What is an n-gram and how are they used in AI/ML?


An n-gram is a contiguous sequence of n items (typically words or characters) from a text sample, used extensively in natural language processing and machine learning.

For example, in the phrase "The cat sat," unigrams (n=1) are ["The", "cat", "sat"], bigrams (n=2) are ["The cat", "cat sat"], and the trigram (n=3) is ["The cat sat"]. Character-level n-grams are also common - the word "hello" as character trigrams would be ["hel", "ell", "llo"].

N-grams enable predictive language modeling through probability calculations based on the frequency of sequences in training data. For instance, after seeing "The cat," an n-gram model calculates probabilities for the next word based on how often different words follow this bigram in the training corpus.

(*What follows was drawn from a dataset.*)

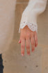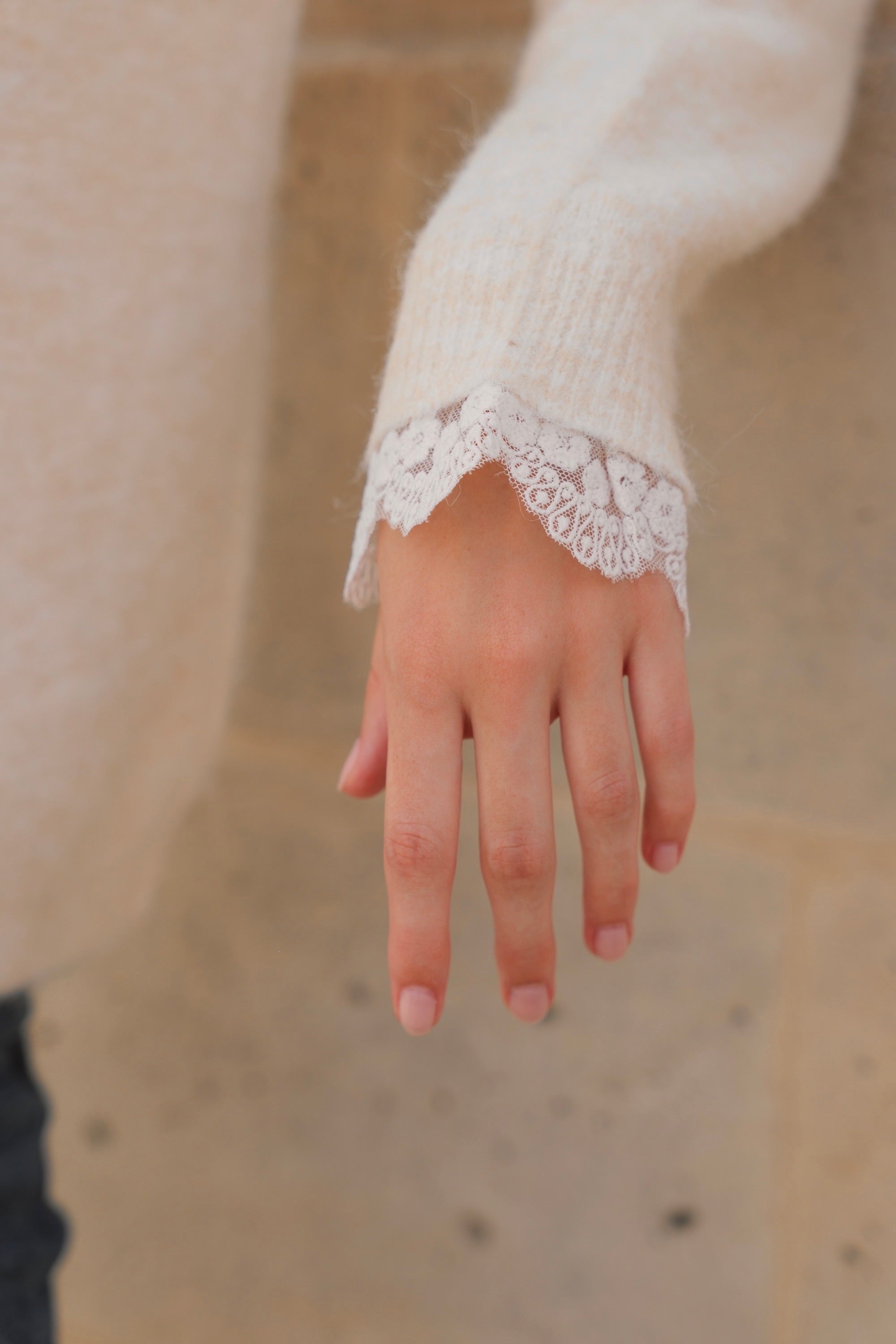 1. Maglione Elegante (Pizzo sul Collo): Indossala con il pizzo sul davanti per creare un sofisticato effetto "sottoveste" che emerge dal girocollo, perfetto sotto una giacca. I polsini sono rifiniti con lo stesso pizzo per un tocco di romanticismo.

In English text, "The cat sat" might be more probable than "The cat helicopter" because the first sequence appears more frequently in typical usage.

The predictive power of n-grams makes them valuable for various applications, including text generation, autocomplete systems, spelling correction, and speech recognition. While more advanced models like transformers have superseded traditional n-gram approaches for many tasks, n-grams remain important in situations requiring computational efficiency or simple statistical analysis of text patterns. N-grams can be used at both the word and character level, making them versatile tools for tasks ranging from language identification to document classification.